Court Opinion

ID: 9448415
Source: CourtListenerOpinion
Date Created: 2023-08-03 23:35:09.696461+00
Date Added: 2024-06-11T17:31:25.461168
License: Public Domain

*648HUTCHESON, Circuit Judge
(Dissenting).
When the parties were first here in 1953 1 and later when they were before the Supreme Court on certiorari,2 the issues on review were defined by the findings of the late Judge Bryant who heard the cause originally. These were that plaintiffs had violated specified warranties of the marine policy sued on against pledge, sale, and other use than for private pleasure unless, with the insurer’s special permission, endorsed on the policy. Judge Bryant ruled: “I don’t think any other findings are necessary”, inasmuch as he then understood and held that the rule that requires literal performance of warranties was a rule of the general maritime law where a marine policy was concerned which could not be affected by state statutes, and this court, in 201 F.2d 833, supra, in principle affirmed this ruling.
On appeal to the United States Supreme Court, 348 U.S. 310, 75 S.Ct. 368, 99 L.Ed. 337, supra, the decision of this court and that of Judge Bryant, to the effect that literal performance as matter of law irrevocably governed the rights of the parties to a marine policy and state statutes could have no effect on that law, were reversed and the cause was remanded to the United States District Court for a trial under appropriate state law. The majority opinion of the Supreme Court concluded as follows:
“Under our present system of diverse State regulations, which is as old as the Union, the insurance business has become one of the great enterprises of the Nation. Congress has been exceedingly cautious about disturbing this system, even as to marine insurance where Congressional power is undoubted. We, like Congress, leave the regulation of marine insurance where it has been — with the States.
“The judgments of the Court of Appeals and the District Court are reversed and the cause is remanded to the District Court for a trial under appropriate state law.”
In the light of this opinion, the district judge conducted a complete new trial on the facts and the law, and, in the findings of fact and conclusions of law, set out in his memorandum opinion,3 dealt fully with all of the issues.

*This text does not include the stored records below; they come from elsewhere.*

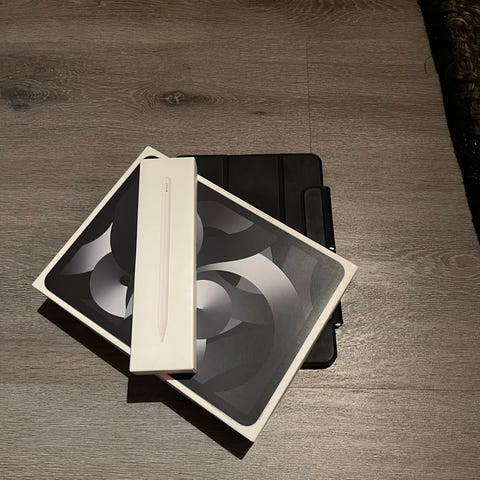 iPad Air 5e generationen samt Apple pen gen 2, i mycket bra skick. Inköpta våren 2024 och var tänkt som ritplatta men har inte blivit av. I paketet ingår även ett stå-skal och ett oöppnat skärmskydd med ”paper texture”.
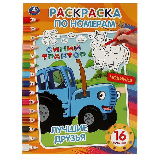 Раскраска по номерам с 16 наклейками. Синий трактор. Лучшие друзья, ТМ «УМка»:
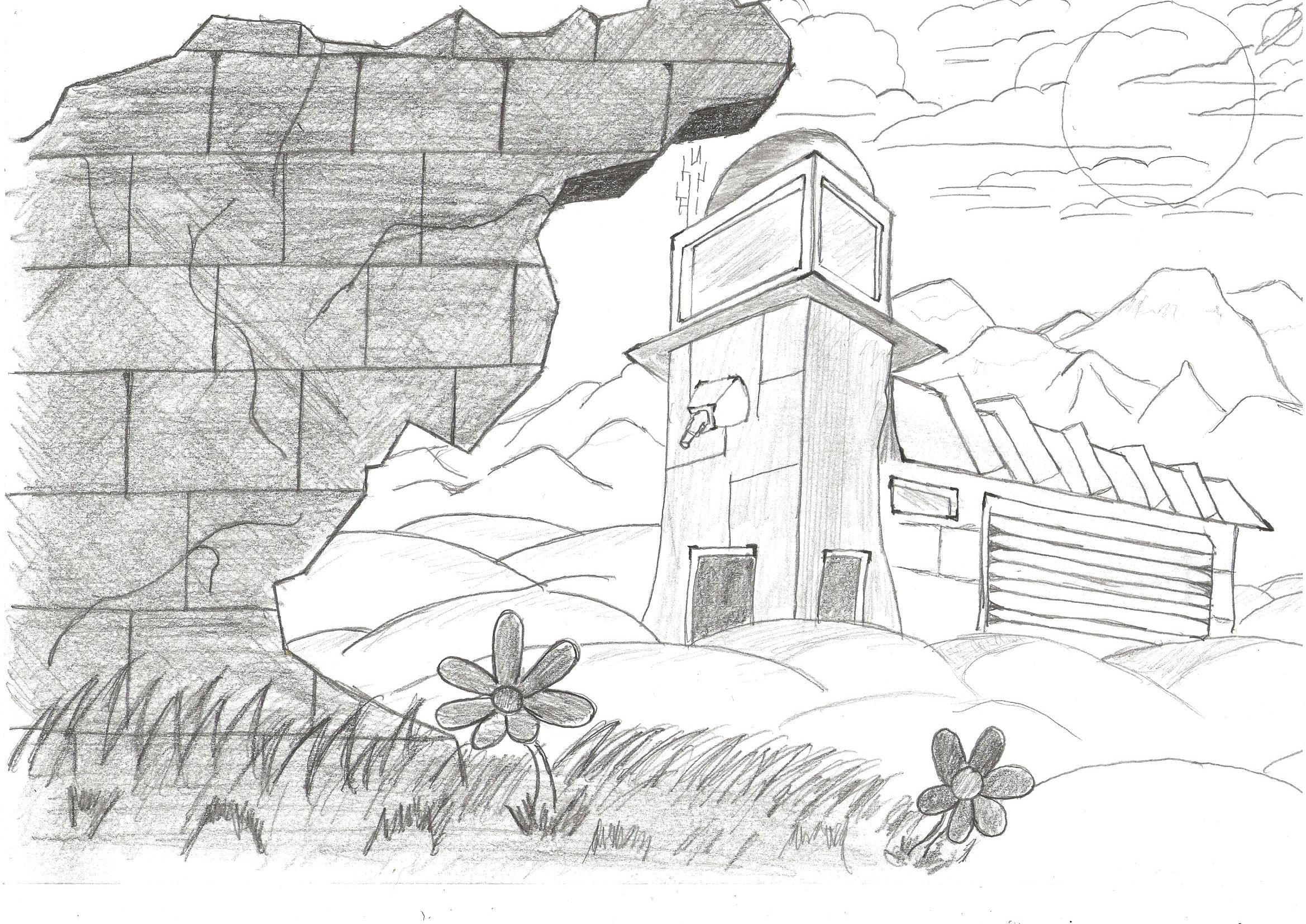 Je ne sais pas trop où on se situe, il y a pleins de petites collines plutôt régulières (on évite la régularité pour les trucs organiques, quand c'est régulier >> c'est artificiel), dépourvues d'herbes et de plantes, donc j'ai pensé à des dunes de sable. Mais au premier plan, on voit bien de l'herbe et des fleurs, du coup je ne sais pas si la zone autour du bâtiment est supposée être désertique ou si c'est un oubli de ta part et que les collines sont effectivement censées être herbeuses. Je vois bien les montagnes en arrière plan aussi, là encore régulières (à éviter aussi donc). N'hésite pas à moins appuyer sur ton crayon pour donner un effet de lointain aux montagnes ^^
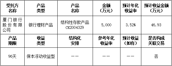 本次委托理財(cái)金額:委托廈門銀行理財(cái)5,000萬(wàn)元。
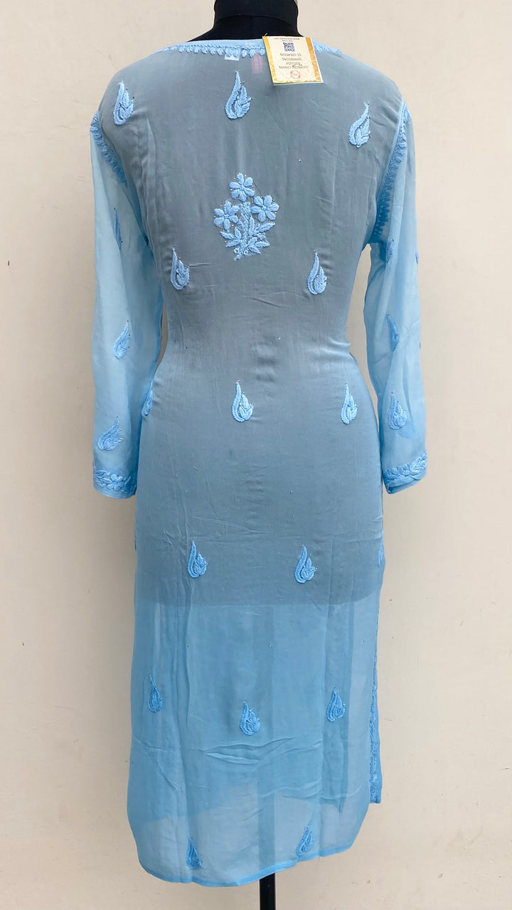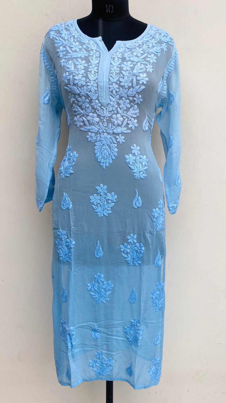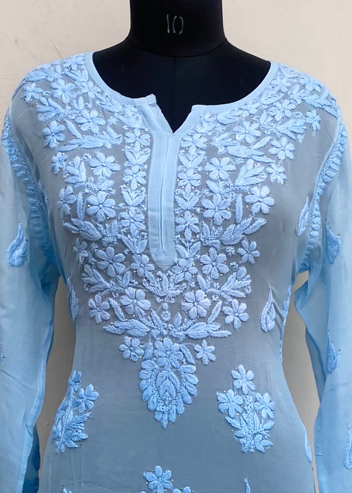 Lucknowi Chikankari Kurti Powder Blue Pure Georgette With Self 3D & Mukaish Work

Concluding that the contract was a Texas contract and that Texas law controlled, he found and gave judgment for the plaintiff, and this appeal is from that judgment.
The appellant is here taking the same position that it has taken on the prior hearings and appeals, that since the policy in question was a marine policy, general maritime law controlled, a strict and literal compliance was required, and Texas statutes, enacted to mitigate the rigors and the hardships of such strict policy construction, by introducing issues of fact,4 where there had been only issues of law, were without application. Attacking each of the district judge’s findings of fact and conclusions of law in plaintiffs’ favor, therefore, as without basis in fact and in law, appellant insists that the judgment must be reversed. The majority opinion completely espouses appellant’s views. I cannot accept them.
On the contrary, I am of the clear opinion: that under the controlling decisions, including that of the Supreme Court in this case, the district judge correctly construed and applied the Texas statutes; that his findings of fact are well supported by the evidence of record; and that his legal conclusions are in accord with the controlling law.
The record is a large one, the facts and issues are voluminous. Because, however, of the full, thorough, and accurate way in which the district judge has in *649his memorandum opinion set the facts out and canvassed and applied the controlling facts and law in the case, it will be sufficient for me to say that I approve, adopt and affirm his findings and conclusions, for the reasons and upon the considerations stated in his opinion. So approving, I respectfully dissent from the opinion and judgment of the majority.

. Wilburn Boat Co. v. Fireman’s Fund Ins. Co., 201 F.2d 833 (1953).

. Wilburn Boat Co. v. Fireman’s Fund Ins. Co., 348 U.S. 310, 75 S.Ct. 368, 99 L.Ed. 337 (1954).

. Wilburn Boat Co. v. Fireman’s Fund Ins. Co., D.C., 199 F.Supp. 784.

. See “Law and Fact in Insurance Cases”, Joseph C. Hutcheson, Jr., Texas Law Review, Vol. XXIII, No. 1.